AME is planning to be an intervenor in the upcoming Supreme Court of Canada case, says Stone.
“We need some clarity as early as we can,” says Stone, who voted for DRIPA when he was a provincial legislator.
“The legislation was aspirational in nature. It was a framework. It was a tool to accelerate reconciliation. DRIPA was not supposed to provide a veto. It was not supposed to represent a massive transfer of land resources and rights to First Nations. Yet it has become all of that and more.”
Earlier ruling
Complicating matters is a 2025 ruling by the B.C. Supreme Court that recognized the Cowichan Nation’s Aboriginal title to about 3 sq. km of historic village lands in Richmond. The decision is being appealed by the provincial government, the City of Richmond and the Musqueam First Nation.
“We’re in this climate right now in B.C. where industry and private property holders are unsure of what their obligations are to meet and to ensure Aboriginal or Indigenous rights are upheld, and where that encroachment of Indigenous rights might be onto their own private property interests,” Sara Ghebremusse, a professor at the University of British Columbia’s Peter A. Allard School of Law who specializes in mining governance, law and development, said in an interview.
“Not only is this legal limbo generating a lot of questions, but it’s also compounding some of this fear and uncertainty that industry and private property holders have.”
Indigenous consultation is a key feature of B.C. law that should be welcome by all of society – including investors – because of the priority is places on protecting the environment, says Guy Archibald, executive director of the Southeast Alaska Indigenous Transboundary Commission (SEITC).

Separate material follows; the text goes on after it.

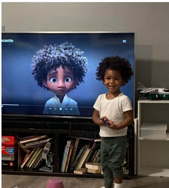
Slika 2. Film Encanto i raznovrsnost likova

His group – which represents 14 tribes, including members of the Tlingit, Haida and Tsimshian, whose territory extends across B.C. and Alaska – says rapid mining development in the northwestern part of the province “poses a “significant threat” for Southeast Alaska communities located downstream.
SEITC is especially concerned about major projects such as Canagold Resources’ (TSX: CCM; US-OTC: CRCUF) New Polaris mine and Skeena Gold & Silver’s (TSX: SKE) Eskay Creek mine because of their potential consequences on the environment.

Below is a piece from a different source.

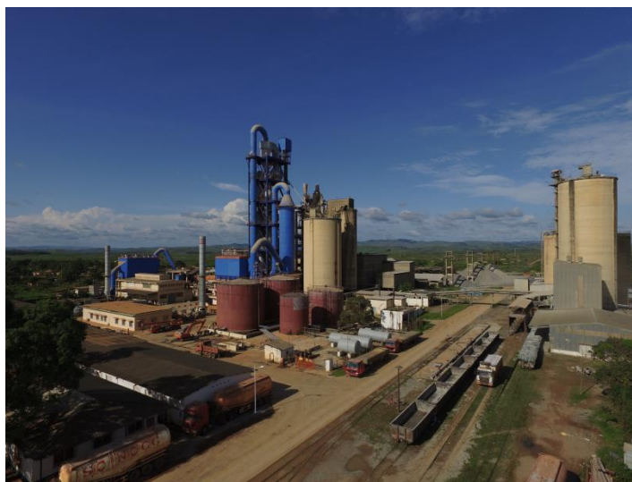
中国路桥与刚方合资建成年产30万吨刚果新水泥厂

工业园特许经营权交由卢旺达Crystal Ventures Ltd.公司。刚果（布）新水泥厂及中国Forspak国际水泥厂已分别于2004年和2013年投产,设计年产能均为30万吨,其中刚果(布)新水泥厂为中刚合营企业。据悉,目前刚果(布)现有3家水泥生产企业在运营,分别是中刚合资的刚果(布)新水泥厂(Sonocc)、中国Forspak水泥厂和尼日利亚丹格水泥厂。目前,印度正在尼阿里省修建一家名为Tao-Tao的水泥厂,预计2025年竣工,设计年产能60万吨。

“Our tribes have been on this landscape for tens of thousands of years through periods of climate change,” Archibald, a former miner, said in an interview.
“There needs to be a mechanism where that knowledge of the environment can be used with protections to help reduce the environmental effects that these projects have. The only way that’s going to work is that if the tribes here are allowed to conduct their own environmental assessments based on their own values, on their own timelines, through their own governance structure — not just evaluating what a contractor did or a mining proponent did.” Economic growth and tribal sovereignty aren’t mutually exclusive, SEITC’s Archibald argues.
“They can both happen, they can both be recognized, and they can both move forward better through deep consultation and consent of the tribes,” he said.
“We’re not opposed to mining. Metals, to some level, are necessary. Any conditions we may put on a mine authorization lessen the uncertainty of bad things happening, which can only lead to better long-term outcomes, both for the mining companies and the general public that has to deal with the legacy issues – because there’s always legacy issues with mines.”